The neurostimulator has been validated functionally and with lab test benches. Biocompatibility studies were performed, and the implant was tested through preclinical studies with sheep.

Conclusion

The NAO∙VNS is the first-of-its-kind implantable neurostimulator using an optoelectronic approach. It includes an IPG, and optical lead composed of optical fibers. The IPG generates optical pulses, and its components are protected by a hermetically sealed encapsulation made of glass. Optical pulses conveying from the IPG to the electrode are converted back into electrical stimuli by ultra-miniature photovoltaic cells. This approach allows implanted patients to safely undergo MRI (1.5 T and 3 T) without specific or additional precaution.

The NAO platform has been designed to fulfill the requirements of a class III long-term implantable medical device, following the European Medical Device Regulation (MDR) and FDA regulations. The platform was first adapted for the treatment of epilepsy through vagus nerve stimulation and developed for long-term human implantation. Synergia Medical envisages a first human clinical trial for the NAO∙VNS neurostimulator in the coming months.

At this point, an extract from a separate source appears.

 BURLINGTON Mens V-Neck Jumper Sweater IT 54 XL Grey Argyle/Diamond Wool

Future development of the NAO∙VNS neurostimulator involves the use of optical sensing such as heartbeat and SpO2 detection paving the way to close loop therapy. As the device can safely function under MRI, it also offers the possibility of functional magnetic resonance imaging (fMRI). This technique is based on the principle that when a particular region of the brain becomes active, there is an increased demand for oxygenated blood in that area. Imaging the blood flow thus provides a representation of brain activity localization that can be used in several ways. For example, with fMRI, epileptologists could identify in real time the specific brain regions that are modulated by vagus nerve stimulation. This can help understanding the neural circuitry involved but also evaluate optimal for individual patients’ stimulation parameters (e.g., intensity, frequency). It can also be used to monitor therapeutic progress. For the purpose of fMRI, additional optically based accessories are currently under development to allow communication between the implanted neurostimulator within the MRI room and the external control room. Assessing the compatibility and safety with 7 T scanners is also envisaged.

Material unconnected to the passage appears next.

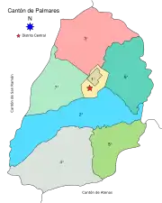 ![]() Localização do cantão de Palmares na província de Alajuela. | |||

Many applications would benefit from a neurostimulator that is safe under MRI without any limitations. For example, Deep Brain Stimulation (DBS) is one of the most suitable applications, as DBS involves using electrodes implanted in specific brain regions to modulate abnormal neural activity. It has been used to treat various neurological and psychiatric conditions, such as epilepsy, Parkinson's disease, essential tremor, and obsessive–compulsive disorder. MRI brain scans are paramount for medical diagnosis and follow-up for these patients, but this is made extremely difficult, dangerous or impossible mainly due to the excessive heating due to the presence of the electrode. Again, an implantable neurostimulator compatible with fMRI would not only allow for brain imaging but also for imaging during stimulation, enabling researchers and practitioners to investigate the immediate effects of DBS on brain activity.